• _Work required_
An exact copy is needed of the lines in the entries below from the line with "现货李居明2026六八铜钱吉祥物马年解毒六铜钱松柏长青八铜钱挂件" up to and including the line with "Рост ВВП США", and of nothing else. Leave the pictures out.

• _Records shown_
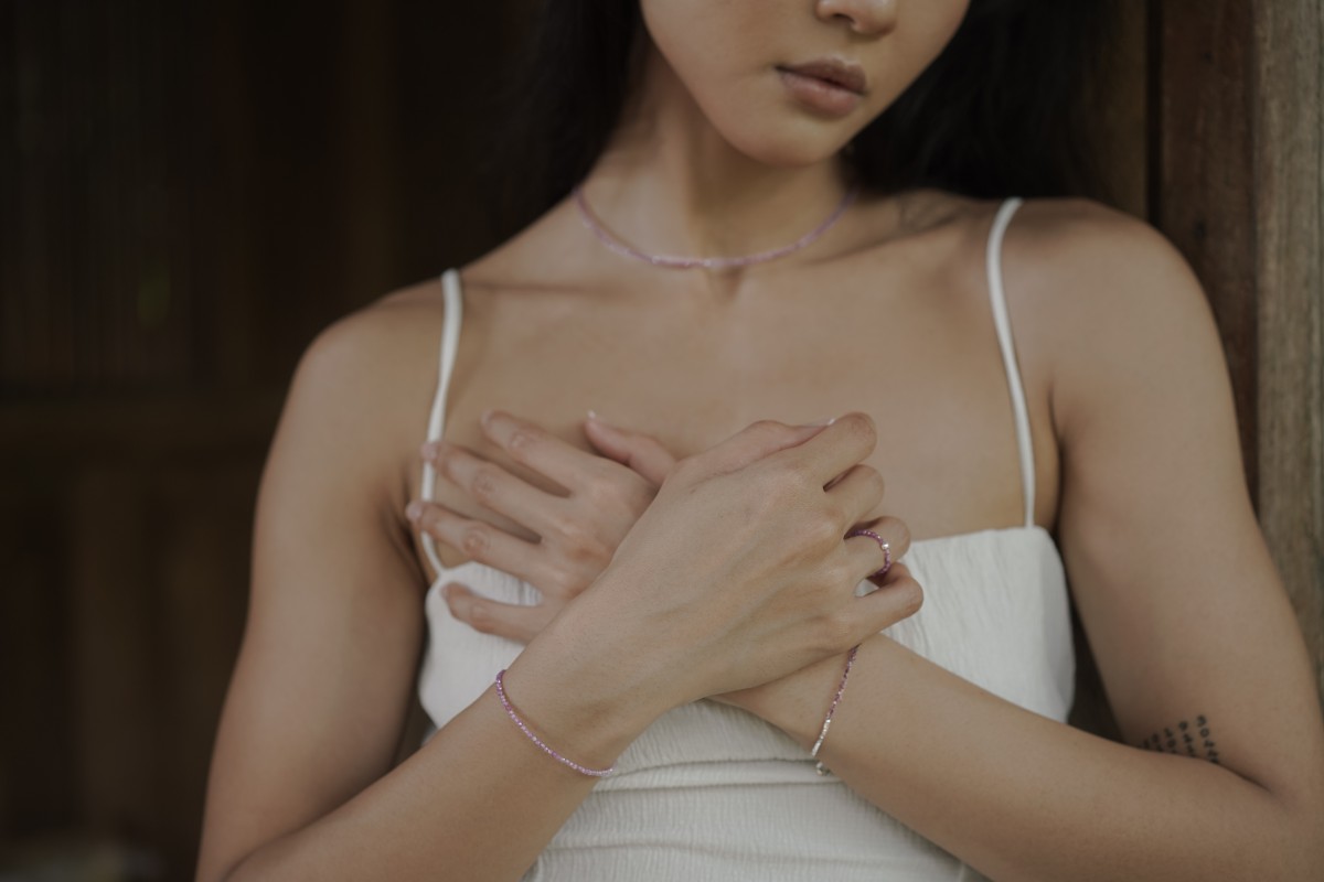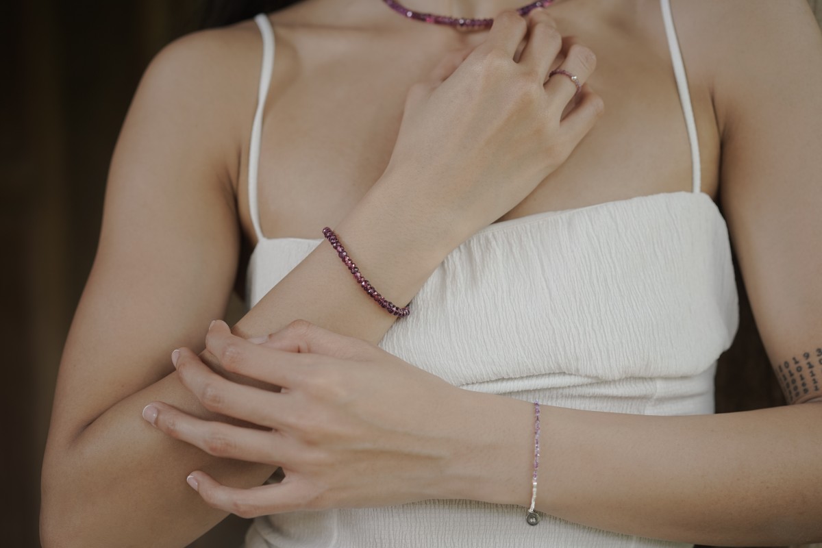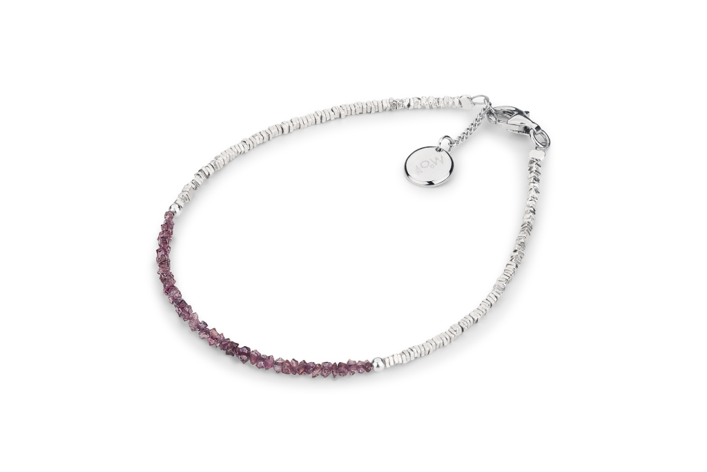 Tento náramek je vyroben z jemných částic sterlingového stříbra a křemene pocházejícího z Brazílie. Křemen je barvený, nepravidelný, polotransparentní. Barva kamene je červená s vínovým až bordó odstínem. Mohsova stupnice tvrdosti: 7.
==
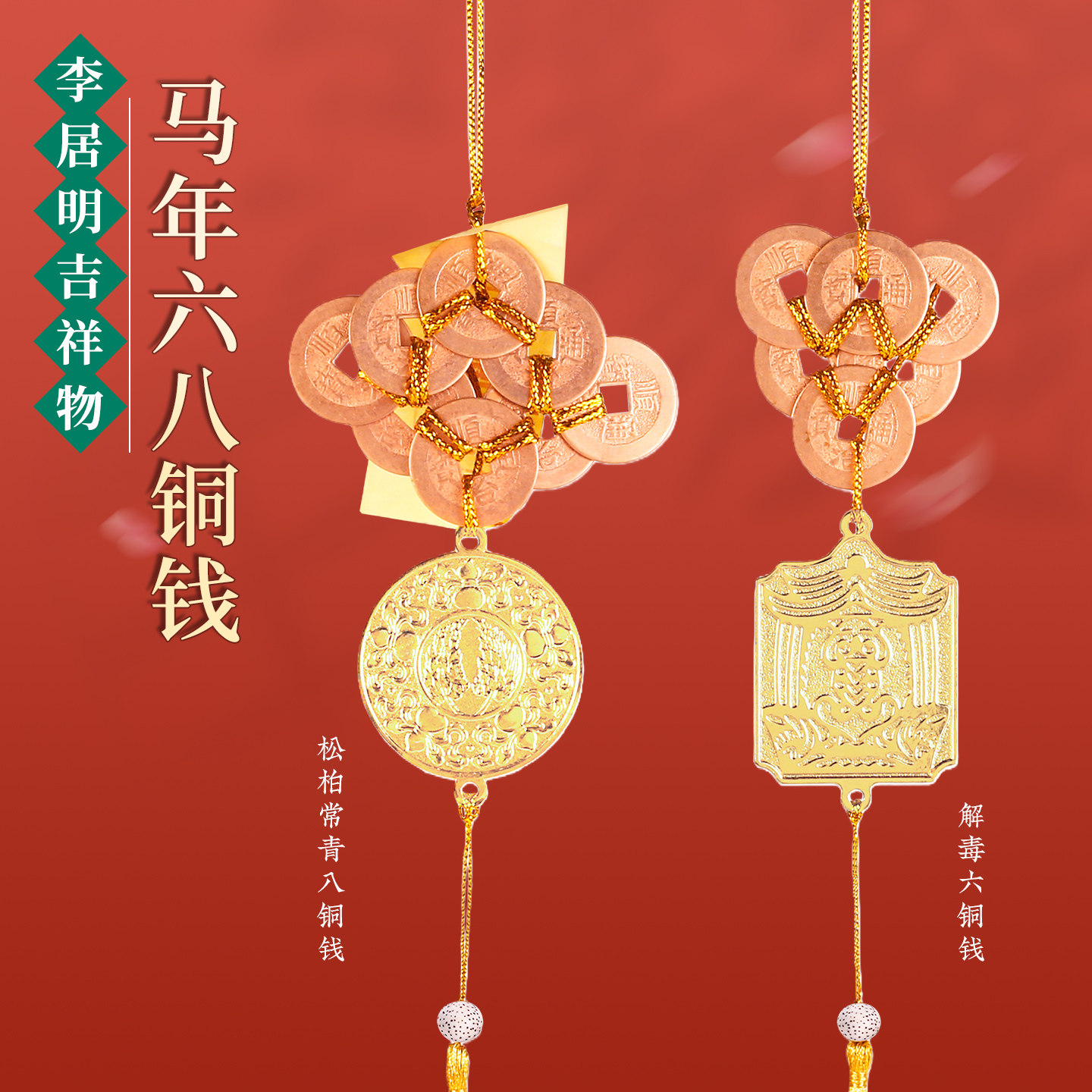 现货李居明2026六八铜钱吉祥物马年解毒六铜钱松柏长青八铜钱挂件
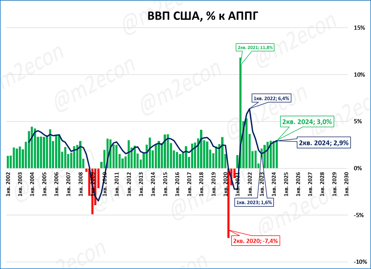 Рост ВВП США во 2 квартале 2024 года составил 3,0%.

• _Your response_
 现货李居明2026六八铜钱吉祥物马年解毒六铜钱松柏长青八铜钱挂件
 Рост ВВП США во 2 квартале 2024 года составил 3,0%.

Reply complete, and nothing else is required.